Singlet scalars as Higgs imposters at the Large Hadron Collider

TL;DR

The paper investigates whether an electroweak singlet scalar $S$ with loop-induced dimension-five couplings to vector bosons can mimic a Standard Model Higgs signal at the LHC. It shows that the singlet naturally yields a hierarchy of diboson decay widths, with production dominated by $gg$ fusion and decays into $gg$, $\gamma\gamma$, and $Z\gamma$ typically outweighing $WW$ and $ZZ$ when $m_S \lesssim 2m_W$, while production and decays remain calculable via the introduced couplings. Crucially, the $\gamma\gamma$ and $Z\gamma$ branching fractions can be enhanced by factors of order $10$–$30$ relative to the SM Higgs, enabling potentially observable resonances even for $m_S$ above the $WW$ threshold.
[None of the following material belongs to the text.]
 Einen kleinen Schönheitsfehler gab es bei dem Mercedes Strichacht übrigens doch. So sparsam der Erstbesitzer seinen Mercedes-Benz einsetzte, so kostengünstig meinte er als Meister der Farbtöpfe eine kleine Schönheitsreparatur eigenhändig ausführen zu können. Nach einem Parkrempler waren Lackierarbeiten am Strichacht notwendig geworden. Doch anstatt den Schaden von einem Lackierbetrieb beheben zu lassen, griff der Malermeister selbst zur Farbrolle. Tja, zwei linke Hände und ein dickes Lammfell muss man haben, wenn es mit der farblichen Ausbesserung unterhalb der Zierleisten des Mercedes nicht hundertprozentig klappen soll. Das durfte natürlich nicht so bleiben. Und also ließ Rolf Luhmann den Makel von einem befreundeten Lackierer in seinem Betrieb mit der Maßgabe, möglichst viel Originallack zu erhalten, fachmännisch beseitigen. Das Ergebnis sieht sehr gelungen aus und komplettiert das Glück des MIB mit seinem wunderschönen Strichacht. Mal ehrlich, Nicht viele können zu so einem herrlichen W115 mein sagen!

The authors perform detailed LHC phenomenology for $\sqrt{s}=7$ and $14$ TeV, including backgrounds and selection cuts, and show that diphoton searches can provide early discovery reach for moderate enhancements, with the $Z\gamma$ channel offering complementary sensitivity.

Abstract

An electroweak singlet scalar can couple to pairs of vector bosons through loop-induced dimension five operators. Compared to a Standard Model Higgs boson, the singlet decay widths in the diphotons and Z gamma channels are generically enhanced, while decays into massive final states like WW and ZZ are kinematically disfavored. The overall event rates into gamma gamma and Z gamma can exceed the Standard Model expectations by orders of magnitude. Such a singlet may appear as a resonant signal in the gamma gamma and Z gamma channels, even with a mass above the WW kinematic threshold.

Figures (8)

• Figure 1: Enhancement in the event rate of a 115 GeV$/c^2$ Higgs boson versus the number of extra generations. Each generation includes one quark doublet and one lepton doublet.
• Figure 2: Decay branching fractions of a singlet scalar $S$ with $m_S=115$ GeV$/c^2$ into pairs of electroweak vector bosons. In the plot we assume the production rate of $S$ is the same as that of a SM Higgs with the same mass. In general the $\gamma\gamma$ mode has the largest branching fraction, followed by $Z\gamma$, $WW$, and $ZZ$ channels.
• Figure 3: Decay branching fractions of a singlet scalar $S$ into pairs vector bosons as a function of mass, for three different choices of $\kappa_W$ and $\kappa_B$, assuming a SM coupling strength to gluons. For comparison the branching fractions for a SM Higgs boson is also shown in the lower-right figure.
• Figure 4: Enhancement of $B\sigma(gg\to S\to \gamma\gamma)$ and $B\sigma(gg\to S\to Z\gamma)$ relative to the SM for $m_S=115$ GeV$/c^2$. Top two plots assume the same production rate as in the SM while the bottom plots assume 10% of the SM production. Enhancements of ${\cal O}(10 - 30)$ are seen for both the $\gamma\gamma$ and $Z\gamma$ modes.
• Figure 5: Distributions of $M_{\gamma\gamma}$ from pseudo-experiments for $M_S=115$ and 165 GeV$/c^2$ and $\sqrt s=7$ TeV for 10 fb$^{-1}$ of integrated luminosity. The background subtracted distribution more clearly shows the possible $\gamma \gamma$ peak.